No último dia 24 de fevereiro, o STF, por unanimidade, decidiu que vai analisar se a Lei de Anistia se aplica a casos de desaparecimento, mas ainda não há data para o julgamento. O STF analisou recursos do MPF, que tramitam na corte sobre as ações penais envolvendo os desaparecimentos de Rubens Paiva e Mario Alves e o assassinato de Helber José Gomes Goulart, cujo corpo ficou desaparecido por 19 anos. A Corte seguiu o relatório do ministro Alexandre de Moraes e entendeu que cabe a repercussão geral do assunto, ou seja, o que o STF vier a decidir vai se aplicar a casos semelhantes que tramitam na Justiça e que estão travados por diferentes motivos.

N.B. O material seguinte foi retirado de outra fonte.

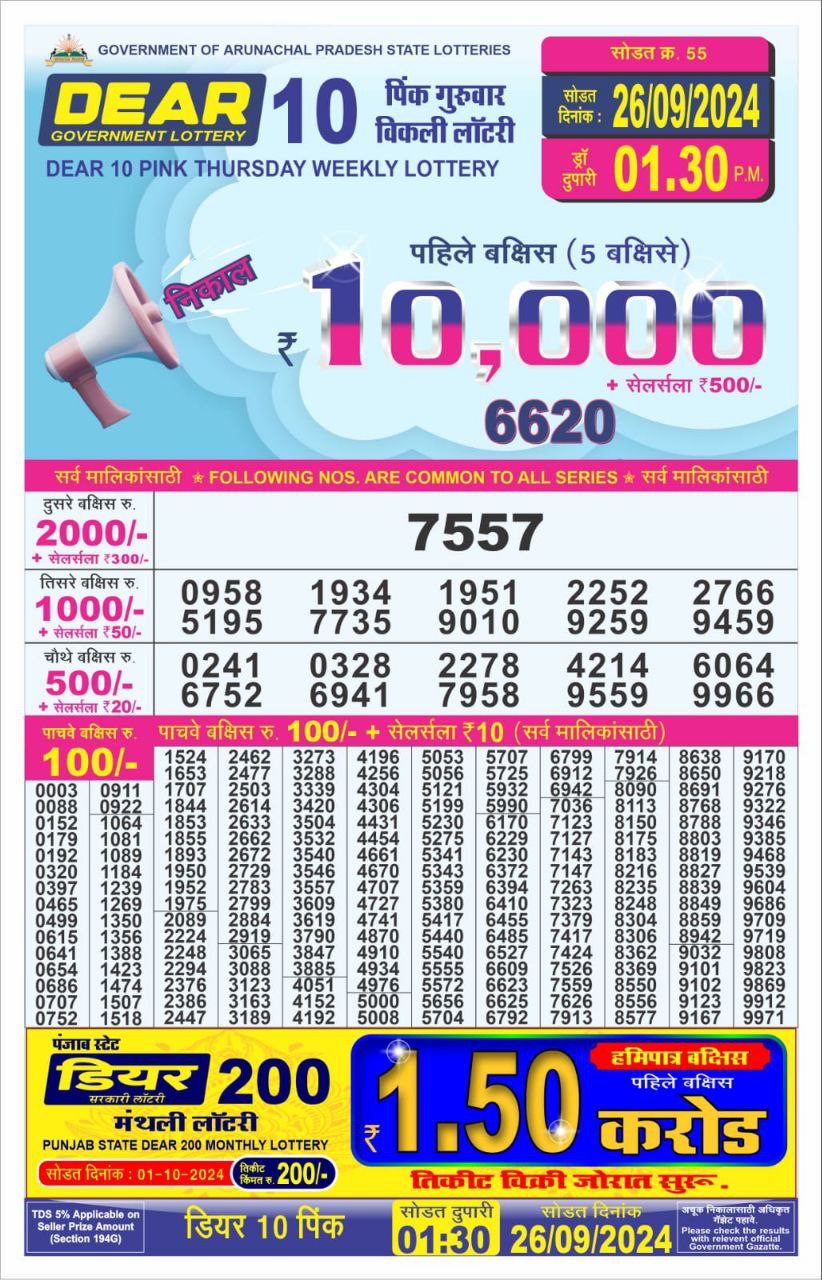 Dear10 pink Thursday weekly lottery 1.30pm result 26/09/24 26-09-2024 Leave a Comment on Dear10 pink Thursday weekly lottery 1.30pm result 26/09/24

Ganhador de prêmios internacionais, o filme “Ainda Estou Aqui”, de Walter Salles, conta como Eunice Paiva (viúva de Rubens Paiva, interpretada por Fernanda Torres) liderou a família em meio ao luto e se transformou em uma advogada respeitada na luta por direitos humanos no Brasil, e é baseado no livro homônimo de Marcelo Rubens Paiva, filho do deputado cassado que foi morto sob tortura em janeiro de 1971. O corpo do político jamais foi encontrado.
Entre 2012 e 2024, o MPF ajuizou ao menos 56 ações penais contra ex-agentes da repressão da ditadura. A instituição entende que a Lei de Anistia não se aplica para beneficiar os autores de violações de direitos humanos no período da ditadura militar brasileira, marcado por ataque sistemático a uma parcela da população que, com ou sem armas, se opunha ao regime. Os crimes praticados neste contexto seriam contra a humanidade e não prescreveriam, cabendo às autoridades brasileiras processá-los e julgá-los.

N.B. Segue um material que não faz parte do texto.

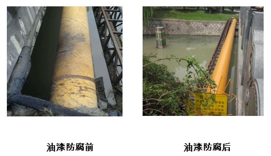 燃?xì)鈽蚬芊栏禽斉浞止?013年技措技改項(xiàng)目,上半年巡檢、巡護(hù)人員結(jié)合日常檢查工作,對在線運(yùn)行的橋管腐蝕情況進(jìn)行檢查統(tǒng)計(jì),并做好相應(yīng)的資料(如照片、管徑、長度等)采集。8月初,分公司確定了施工單位,并與之簽訂了安全、文明施工協(xié)議。在協(xié)議中,針對橋管易受水氣侵蝕的特點(diǎn),要求施工單位嚴(yán)格施工工藝(除銹-打磨-防銹底漆-面漆等),按照施工規(guī)范進(jìn)行施工,同時(shí)要求施工單位落實(shí)安全責(zé)任,做好相應(yīng)安全防護(hù)措施;在實(shí)施過程中,輸配運(yùn)行分公司管理人員不定時(shí)對施工現(xiàn)場的安全和施工質(zhì)量進(jìn)行抽查,確保施工質(zhì)量達(dá)標(biāo)。通過2個(gè)多月的施工,完成了計(jì)劃的19座橋管防腐工程,其中 5座是燃?xì)鈽蚬芨g影響城市美化的數(shù)字城管案卷。

A prescrição é o limite de tempo previsto no artigo 189 do Código Civil que define até quando uma ação judicial pode ser movida para que um direito seja assegurado – vale desde cobranças até para a punição por crimes.
Ministro do STF Flávio Dino citou diretamente o filme brasileiro indicado ao Oscar Ainda Estou Aqui durante discussão sobre Lei da Anistia
Em dezembro, ao analisar um recurso em uma ação sobre um caso de ocultação de cadáver de uma vítima da campanha militar das Forças Armadas contra a Guerrilha do Araguaia na ditadura, o ministro do STF Flávio Dino citou o filme ao decidir que o tema era de repercussão geral.
“No momento presente, o filme ‘Ainda Estou Aqui’ tem comovido milhões de brasileiros e estrangeiros. A história do desaparecimento de Rubens Paiva, cujo corpo jamais foi encontrado e sepultado, sublinha a dor imprescritível de milhares de pais, mães, irmãos, filhos, sobrinhos, netos, que nunca tiveram atendidos seus direitos quanto aos familiares desaparecidos. Nunca puderam velá-los e sepultá-los, apesar de buscas obstinadas como a de Zuzu Angel à procura do seu filho”, afirmou.
O Tribunal Regional Federal da 3ª Região já decidiu afastar a Lei da Anistia para casos de desaparecimento ao julgar recurso sobre o desaparecido Carlos Zaniratto, um ex-soldado do Exército que desertou para seguir Carlos Lamarca na Vanguarda Popular Revolucionário (VPR), como mostrou a Pública.